Scheme 1. (A) Reaction conditions: (a) LDA, TMSCl, and THF, −78–0 °C, 24 h; (b) 2, ICl and CH₂Cl₂, −10–0 °C, 18 h; (c) 3, TIPS-Acetylene, CuI (10 mol %), Pd(dppf)Cl₂ (5 mol %), and PhMe/DIPA (2:1), 70 °C, 6 h; (d) 4, (3,4,5-trimethoxyphenyl)boronic acid, Pd(dppf)Cl₂ (12 mol %), K₂CO₃ and 1,2-Dimethoxyethane/H₂O (10:1), 85 °C, 18 h. (B) Reaction conditions: (a) 6, cyclopropyl methyl bromide, K₂CO₃, THF, 70 °C, 18 h; (b) 7, nBuLi, 2-isopropoxy-4,4,5,5-tetramethyl-1,3,2-dioxaborolane, −78–0 °C, 24 h; (c) KF (10 M aq.) MeCN/MeOH (1:1), 21 °C, 1 min, then l-(+)-tartaric acid in THF, 2–5 min, then filter. (C) Reaction conditions: (a) 4-methoxyphenylboronic acid or 9, Pd(dppf)Cl₂ (10 mol %), K₂CO₃ or Cs₂CO₃, and 1,2-dimethoxyethane/H₂O (10:1), 85 °C, 18 h; (b) TBAF, THF, r.t., 2 h; (c) PtCl₂ (40 mol %), PhMe, 80 °C, 18 h; (d) 12 M HCl, MeOH/iPrOH (1:2), 60 °C, 18 h.

MT inhibitors exert antiproliferative activity by blocking cell division (mitosis). We evaluated the antiproliferative effects of HA-1 in a HeLa human cervical cancer cell line, assessing cell viability after 40 h. HA-1 was found to suppress ca. 40% of typical cell proliferation at low micromolar concentrations with a well-formed sigmoidal dose–response curve, featuring a Hill slope typical for tubulin-depolymerizing agents (Figure 3A). The plateauing response above 10–20 μM is typical for lipophilic compounds applied near their solubility limits. HA-2 was entirely inactive up to this concentration (Figure 3A). This observation supports our initial hypothesis that SAR trends for colchicine-derived inhibitors are translatable to [5]-helistatins, including that the addition of the −OH on the inner groove of HA-2 diminishes its activity, as predicted. To overcome the limitations with solubility, a prodrug approach akin to those used with CA4 might be appropriate. This could include conversion of the phenol to the phosphate salt,⁸⁹ or functionalization with an aminohydroxy moiety.⁹⁰

Figure 3.

Cellular bioactivity and mechanism of action of HA-1. (A) Antiproliferative activity (HeLa cells, 40 h incubation; one experiment representative of three independent experiments is shown). (B) Suppression of tubulin polymerization in cell-free conditions. Docetaxel is a positive control for polymerization enhancement, roughly indicating the magnitude of a meaningful difference from DMSO-only control behavior. HA-1 at 10 μM shows meaningful polymerization inhibition, while HA-2 up to 20 μM and colchicine or HA-1 at the substoichiometric concentration of 2 μM are all insignificantly inhibiting conditions (turbidimetric assay; greater absorbance indicates a greater degree of polymerization). (C, D) Live cell EB3-GFP “comets”, indicating growing MTs during HA-1/HA-2 treatments (HeLa cells). Cells were first imaged in media for baseline MT dynamics, then treated with 1% DMSO and imaged again, then 20 μM HA-1/HA-2 was applied, and the same cells were again imaged, which allows longitudinal comparisons over each treatment (10/12 cells acquired for HA-1/HA-2). (C) Each cell’s comet count was normalized to that in the first five frames of the no-cosolvent control before statistics (Wilcoxon) calculated for groups; mean ± SD with data points overlaid. (D) Stills from representative movies, Movies S5 and S6, showing that HA-1 suppresses polymerizing microtubule count, but HA-2 does not.

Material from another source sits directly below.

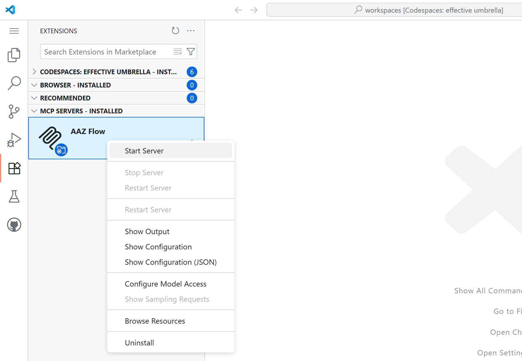 You can easily start the MCP server within your codespace environment:

To test the mechanism of HA-1 bioactivity in a cell-free system, we examined its ability to suppress polymerization of purified tubulin protein. HA-1 was a strong polymerization suppressor at 10 μM (whereas HA-2 was entirely inactive up to 20 μM). This both matches the cellular activity data and confirms the ability of HA-1 to inhibit tubulin protein directly (Figure 3B).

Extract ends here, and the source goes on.